Guidelines:
State Diagram

State Diagram
|
A state diagram shows a state
machine, a behavior that specifies the sequences of states that an object goes through
during its life in response to events, together with its responses and actions. |
Topics
A state diagram describes the dynamic behavior of objects in terms of state
transitions. You can use state diagrams to model the dynamic behavior of any kind
of object. They are particularly important to designers and to the person
that unit tests the modeled object or objects associated with it, through, inheritance
hierarchies, for example.
In creating a state diagram, consider
- The actions an object performs when it transits between states.
- The actions an object performs when it enters into a state.
- The actions an object performs when it exits from a state.
- The actions an object performs when it resides in a state.
State diagrams (and finite state machines) are often presented as graphs, in which
nodes represent states, and arcs represent events that lead to state transitions. Arcs in
the graph are usually associated with the name of the event that causes
the corresponding state transition.
You could view a simple editor, similar to vi, as a finite state
machine with the states Empty, Waiting for a command,
and Waiting for text. The events could be Load file, Insert
text, Insert character, and Save and quit.
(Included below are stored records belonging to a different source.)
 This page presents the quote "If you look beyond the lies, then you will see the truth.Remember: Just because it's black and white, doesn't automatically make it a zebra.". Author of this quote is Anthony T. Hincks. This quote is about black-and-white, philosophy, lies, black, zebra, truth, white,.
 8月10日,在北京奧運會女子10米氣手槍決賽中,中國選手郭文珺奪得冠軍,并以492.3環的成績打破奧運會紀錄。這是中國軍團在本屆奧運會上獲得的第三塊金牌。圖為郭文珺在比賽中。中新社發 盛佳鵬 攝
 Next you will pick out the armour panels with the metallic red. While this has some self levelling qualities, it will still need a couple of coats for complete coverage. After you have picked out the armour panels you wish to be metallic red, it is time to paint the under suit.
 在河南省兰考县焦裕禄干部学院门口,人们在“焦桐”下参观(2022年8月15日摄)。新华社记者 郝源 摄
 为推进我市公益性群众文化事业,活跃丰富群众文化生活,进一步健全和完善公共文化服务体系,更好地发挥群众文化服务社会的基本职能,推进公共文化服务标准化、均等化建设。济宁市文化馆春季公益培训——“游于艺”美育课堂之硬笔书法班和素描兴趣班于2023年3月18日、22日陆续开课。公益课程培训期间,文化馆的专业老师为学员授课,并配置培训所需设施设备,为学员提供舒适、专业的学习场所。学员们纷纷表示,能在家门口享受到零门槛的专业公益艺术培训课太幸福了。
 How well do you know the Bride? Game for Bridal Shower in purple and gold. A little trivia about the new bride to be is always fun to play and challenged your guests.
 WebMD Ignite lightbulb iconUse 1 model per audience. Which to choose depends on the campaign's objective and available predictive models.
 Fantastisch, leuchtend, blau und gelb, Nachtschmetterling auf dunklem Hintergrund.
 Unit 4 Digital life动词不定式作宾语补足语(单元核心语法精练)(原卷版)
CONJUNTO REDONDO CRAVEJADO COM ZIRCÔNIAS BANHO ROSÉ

The
corresponding graph is shown below

A graph specifying the state transitions of a primitive editor.
If the editor is in the Empty state, and if the event Load
file occurs, the editor will change its state to Waiting for a command
when a corresponding Load file action has been performed.
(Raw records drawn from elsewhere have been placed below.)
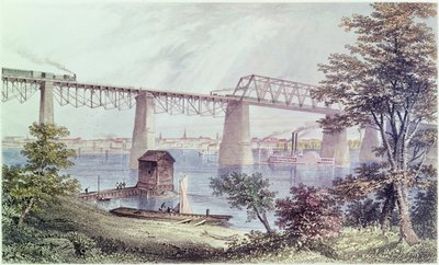 eisenbahnbrücke · dampfzug · ohio river · kentucky · stadt · amerikaner · paddelboot · raddampfer · dampfschiff · lastkahn · boot · tiefer süden · Eisenbahn · Private Collection / Bridgeman Images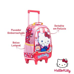 Mochila Escolar de Rodas Hello Kitty Pelúcia Meninas Infantil - Xeryus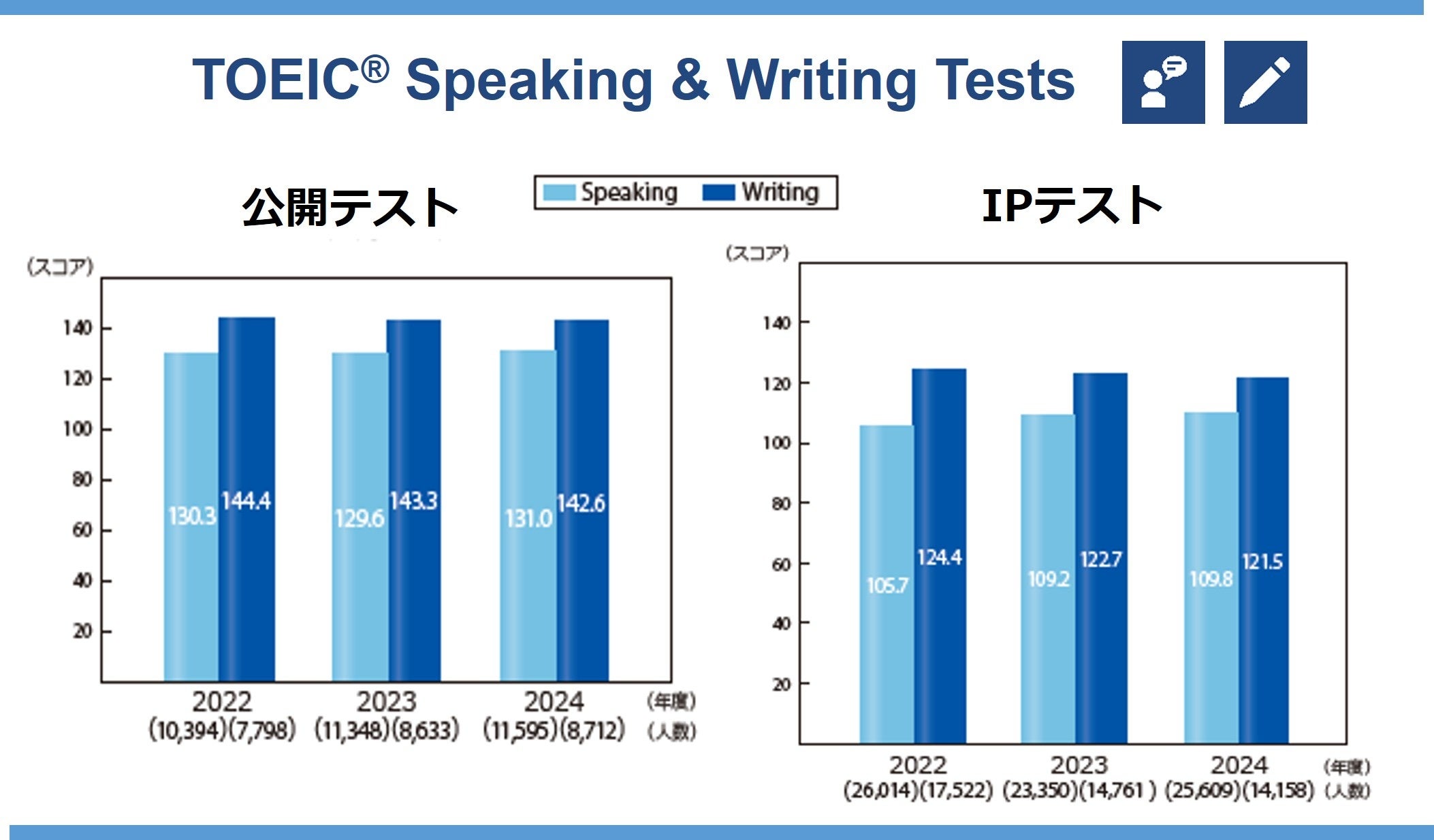 同年度のTOEIC S&Wの平均スコアは、公開テストではスピーキングが131.0点・ライティングが142.6点、IPテストではスピーキングが109.8点、ライティングが121.5点でした。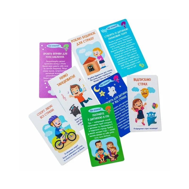 Картки, що містяться в наборі, пропонують цікаві і веселі вправи, які допоможуть вашій дитині наважитися та подолати свої страхи. Дитина, яка має змогу вільно розповісти дорослим про свої страхи, швидше їх подолає.

To model an object's dynamic behavior, consider objects as finite state machines. The
state the object resides in is a computational state and is defined by
the stimuli the object can receive and what operations can be performed as a result. An
object that can reside in many computational states is state-controlled.
You can think of an object as transiting between one or more such states during its
existence. The computational state of an object thus defines the object's potential
behavior at a particular moment of its existence.
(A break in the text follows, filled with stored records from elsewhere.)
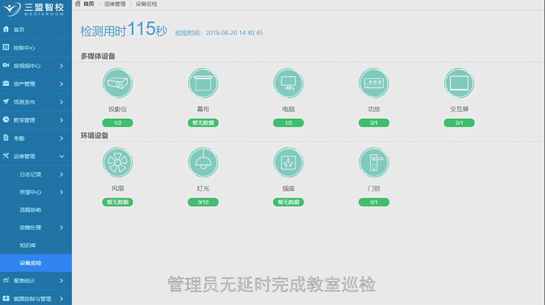 教室多媒体设备数量成倍增加,设备维护也可以变得简单,AIoT智慧教室物联网统一开放平台提供了一套完善的运维管理体系,包括:系统日志、告警中心、远程协助、故障跟踪、知识库、设备巡检、统计分析报表等,真正提高学校日常运维管理效率。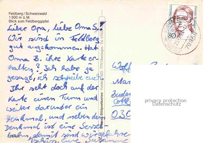 74040353 alte Postkarte Feldberg 1450m Schwarzwald Blick zum Feldberggipel postalisch gelaufen Fliegeraufnahme Erhaltung siehe scans [FriedD77] KatCode: 11110008315037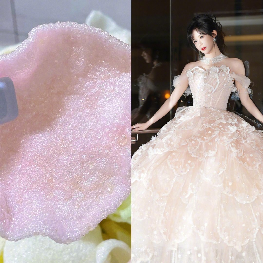 段艺璇像把超大虾片穿身上段艺璇如此梦幻的礼裙竟然跟虾片撞了?!粉白渐变的蓬松裙摆+亮晶晶的褶皱质感,太像了吧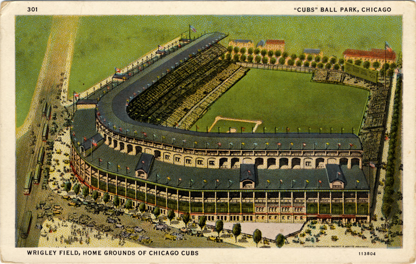 Bird's-eye view of Wrigley Field. Automobiles and pedestrians gather in front of ballpark entrance. Printed on front: "Wrigley Field, home grounds of Chicago Cubs, 11304. 301, 'Cubs' ball park, Chicago." Printed on back: "Wrigley Field at Addison and North Clark Streets, is double-decked and has seating capacity of about 45,000. The Chicago club is one of the charter members of the National Base Ball League started in 1876. Chicago and Boston are the only present members of the original league who have maintained continuous franchises since that date. 301 Max Rigot Selling Co., Chicago. 1933 Century of Progress, Chicago World's Fair. C.T. Co., Chicago."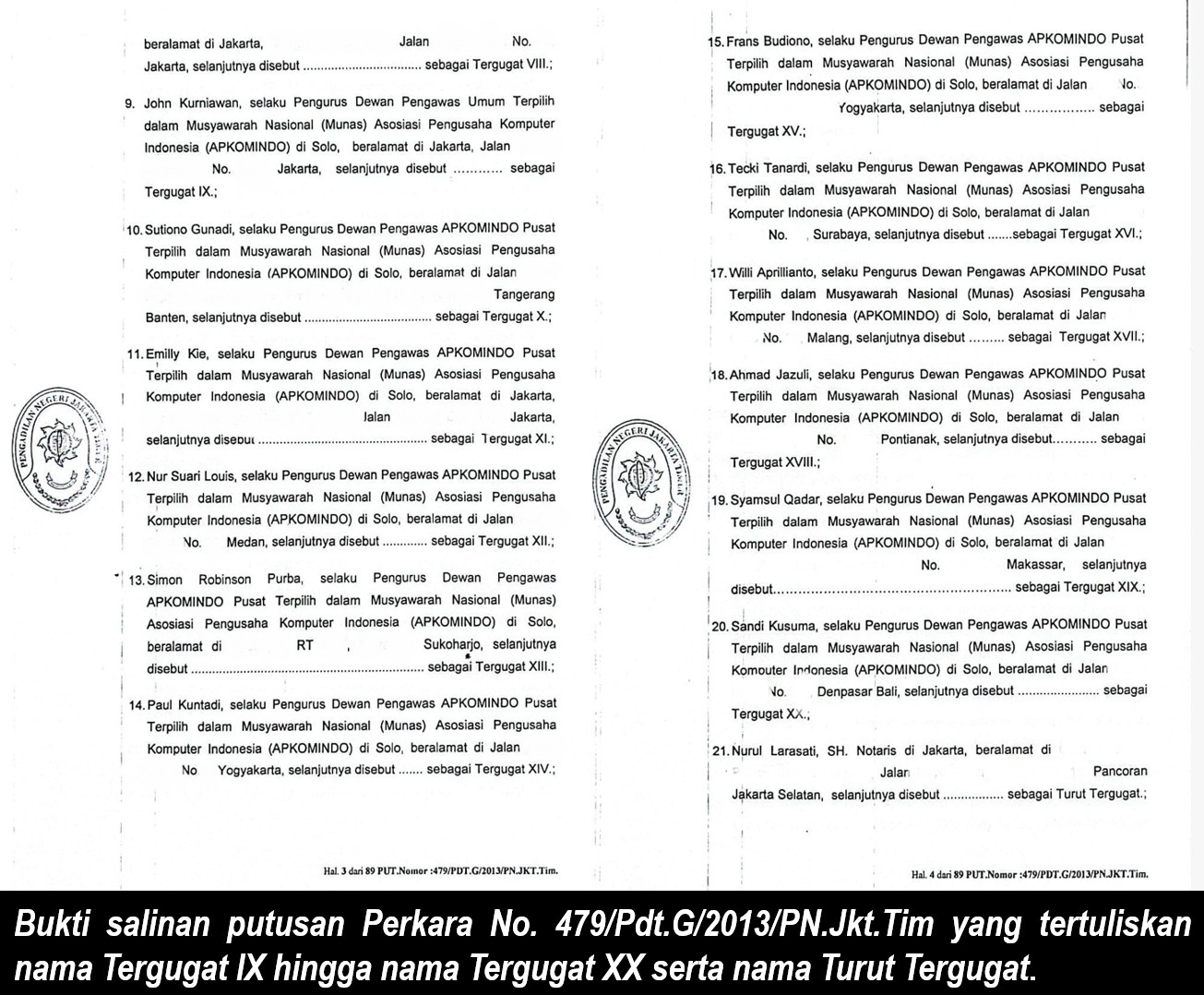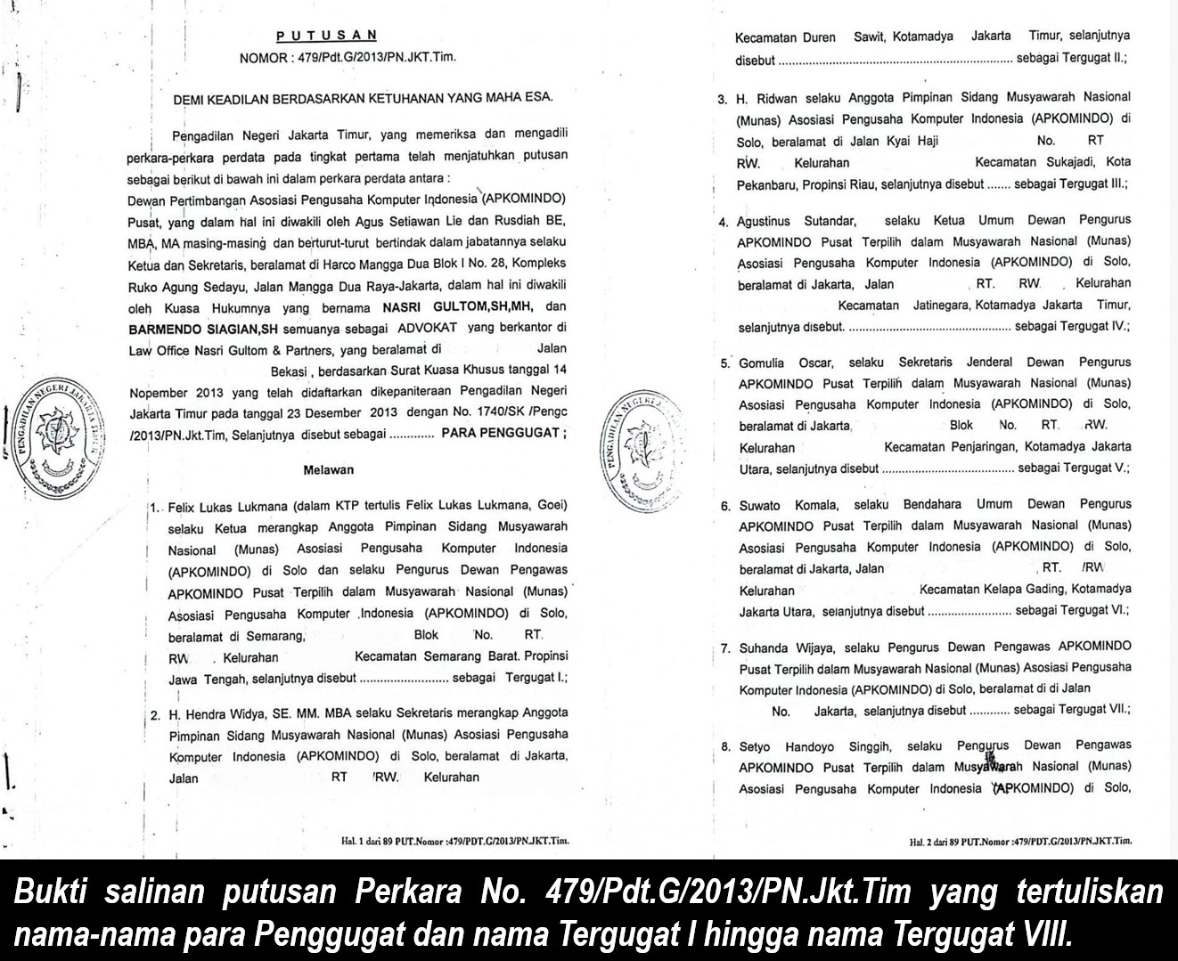 Tergugat dalam perkara ini berjumlah 20 orang, termasuk Felix Lukas Lukmana, Suhanda Wijaya, Nurul Larasati, hingga Sandy Kusuma. Amar putusan pada 4 Mei 2015 menyatakan bahwa gugatan tidak dapat diterima. Upaya banding pun gagal memperbaiki hasil tersebut.

The amount of detail you put into a state diagram depends on the behavioral
complexity of the object, which, in turn, depends on:
- The number of its different states.
- The number of different events it reacts to.
- The number of different actions it performs that depend on its state.
- Its degree of interaction with its environment (with other objects).
- Its control complexity during state transitions (control complexity is the complexity of
conditional, and repetitive, transitions).
Objects you might model using state diagrams are:
- State-controlled objects, such as control objects that control the execution of use
cases and boundary objects that manage protocols.
- Any object whose role is clarified by state transitions.
- Complex use cases that are state-controlled.
- Complex actors if, for example, you plan to generate test specifications from them.
- Objects you should not model using state diagrams are:
- Objects with straightforward mapping to their implementation environment.
- Objects that are not state-controlled, such as most entity objects.
Objects that have only one computational state.